To investigate whether HIPK4 can interact with the actin cytoskeleton of spermatids, we isolated F-actin from whole testis lysates by ultracentrifugation. Strikingly, we observed that HIPK4 predominantly co-precipitates with the F-actin-containing pellet; only a small fraction of HIPK4 remains in the soluble fraction (which also contains G-actin). In addition, we found that loss of HIPK4 function specifically increases the amount of CAPZA2, an actin capping protein, that co-precipitates with F-actin. Together, these results suggest that HIPK4 exists primarily in complex with the actin cytoskeleton and/or actin-binding proteins. They also provide further evidence that HIPK4 regulates the actin cytoskeleton in spermatids.

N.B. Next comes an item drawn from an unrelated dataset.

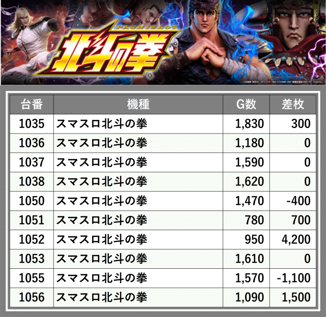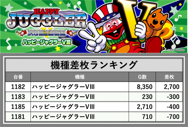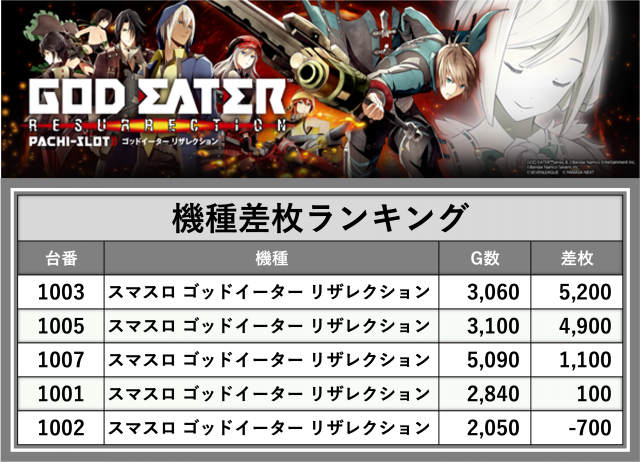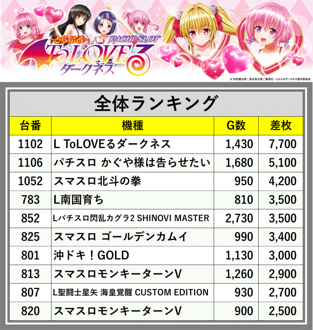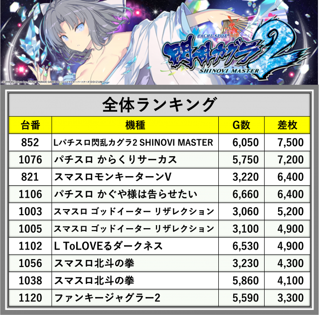 ※差枚数順に掲載しています

It is important to note that our mechanistic hypothesis does not require direct interactions between HIPK4 and the actin cytoskeleton within the acroplaxome. Our immunofluorescence studies demonstrate that HIPK4 protein is distributed throughout the cytoplasm of step 4-8 spermatids (the acrosomal staining in elongated spermatids is non-specific). We also determined that HIPK4 overexpression in NIH-3T3 cells alters the phosphorylation state of several proteins that can interact with the actin cytoskeleton but not that of actin subunits themselves. Based on these findings, we favor a model in which HIPK4 directly phosphorylates one or more regulatory proteins that control actin dynamics.

While we appreciate the reviewers' suggestion of proximity ligation assays, their propensity to yield false-positives is a complicating factor (bioRxiv 2018; doi: 10.1101/411355), especially since the direct substrate(s) of HIPK4 (and therefore appropriate specificity controls) remain unknown. We share the reviewers' interest in understanding how HIPK4 regulates actin within the acroplaxome, and this is the focus of our future studies.